Maybe it was the irresistible Red Velvet lips. Or the Venus palette eyes. Or hair the color of blue cupcake frosting. But Doe Deere, the icy-eyed CEO and founder of Lime Crime Makeup certainly caught the eye of 66-year-old artist Richard Prince of Gagosian Gallery. The artist took a screen shot of the image Ms. Deere had posted on her Instagram (META) account (300,000-plus followers) of herself with a matching custom-made doll with luminous resin skin, clad in matching Lime Crime colors. Ms. Deere posted the image to give her doll maker friend, Joshua David McKenney, exposure. Mr. Prince tweaked the text, deleting any mention of the doll’s designer and had a large 48-by-65-inch print made. The print sold at New York’s Frieze Art Fair on Randall’s Island for $90,000. Not as much as the $302,500 Barbie doll sale at Christie’s auction house, but enough to put the contemporary Pidgin doll (44,000-plus followers on Instagram), and its creator, Mr. McKenney, in the celebrity limelight.

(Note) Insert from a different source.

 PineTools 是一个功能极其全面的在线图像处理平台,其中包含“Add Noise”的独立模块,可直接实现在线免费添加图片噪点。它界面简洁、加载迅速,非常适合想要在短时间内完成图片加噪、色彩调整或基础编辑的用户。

Mr. McKenney, 35, has blue hair like Ms. Deere. He is a doll maker in Brooklyn with a cult following that includes Grace Jones. Mr. McKenney has been crafting the 23-inch fashion dolls—what he calls his “art expression”—for three and half years, after making a name for himself as a fashion illustrator. His fans include Mariah Carey, for work on her Elizabeth Arden fragrances, Dita Von Teese, who posted a paper doll he made for her on her members only website, and Taylor Swift for her Wonderstruck scent.

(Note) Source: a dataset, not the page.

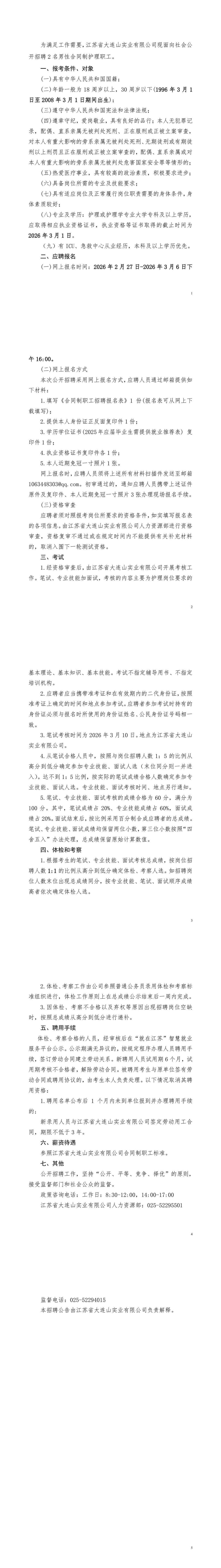 报名中 【合同制】2026年江苏省大连山实业有限公司医疗卫生技术人员招聘公告(招若干人,02月27日~03月13日报名)

Not the volatile type, Mr. McKenney’s reaction to the Mr. Prince appropriation of the Deere image—what bloggers are calling “theft”—was calm bewilderment. “He stole that image from her and the whole point of the image Doe posted was to show that she liked what I’m doing,” Mr. McKenney told the Observer by phone from a cabin on Lake Duchess in Holmes, N.Y. “He took my credit off. The reason I want to do this interview is to give my art a voice. That image is dynamic and says a lot of things, and to have it co-opted in this way, it kind of takes that magic out a little bit.”
Mr. Mckenney is more interested in magic and fantasy than controversy and quickly shifted the conversation to what he calls the most glamorous doll in the world: the Pidgin doll. But why Pidgin?

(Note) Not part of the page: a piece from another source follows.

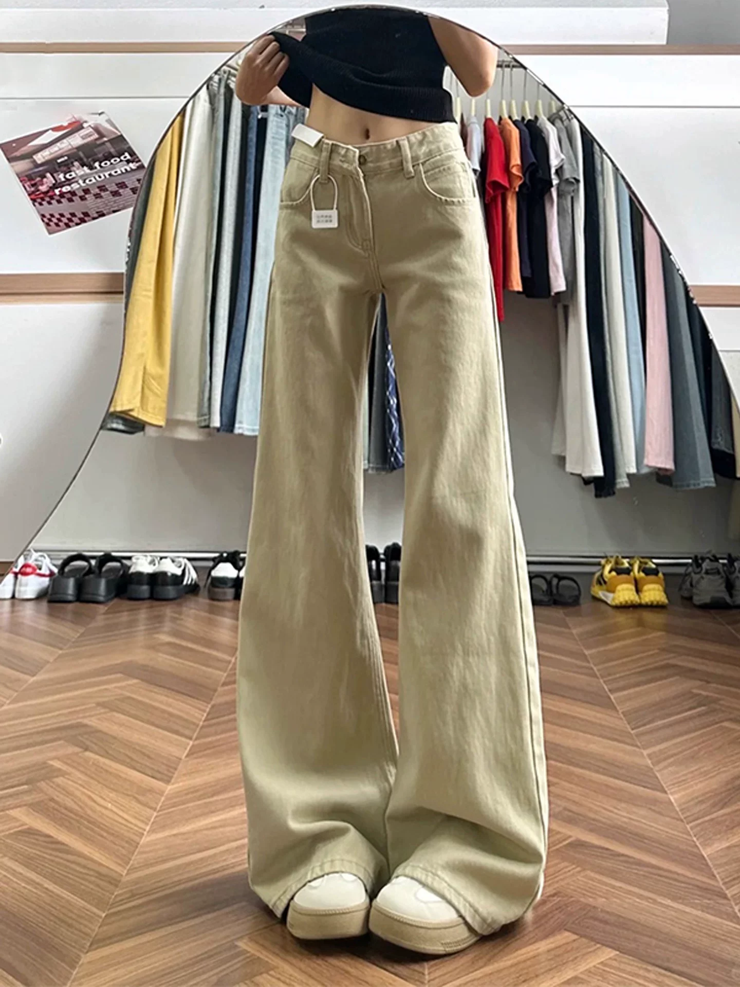 Quần jean ống loe màu kaki dành cho nữ, mùa thu, cỡ lớn, lưng cao, dáng rộng, thon gọn, mềm mại, dài chạm sàn, quần ống chuông kiểu móng ngựa

“Pidgin is a simplified language used for communication between people who speak different languages,” he said. “She is how I communicate the parts of me that are feminine, gentle, and magical. I use her to express a very deep part of me to the world; much the way Jim Henson used Kermit to express a part of him. Whenever Kermit was on the Tonight Show, people who saw Kermit didn’t think of him as a puppet, they were so caught in the illusion. I consider myself a kind of ‘modern puppeteer’ as well as a doll maker.”
The silver lining to a scandal that revolves around a high-end artist deleting another’s name, potentially making him invisible?
“The doll is being recognized as art, which is good for her image. Most people think of dolls as toys.”
Pidgin’s creator will stay in the spotlight if beauty queen Ms. Deere has her way. Last week, Ms. Deere posted a new image of herself, posing with her doppelgänger.
“Just to clarify, this was my tribute to @pidgindoll, created by friend & artist @jdavidmckenney. @RichardPrince1234 removed my original caption, before printing and displaying it (without my knowledge) in the Frieze Gallery. I wanted to put the focus back onto where it belongs: the beautiful, hand-crafted doll.”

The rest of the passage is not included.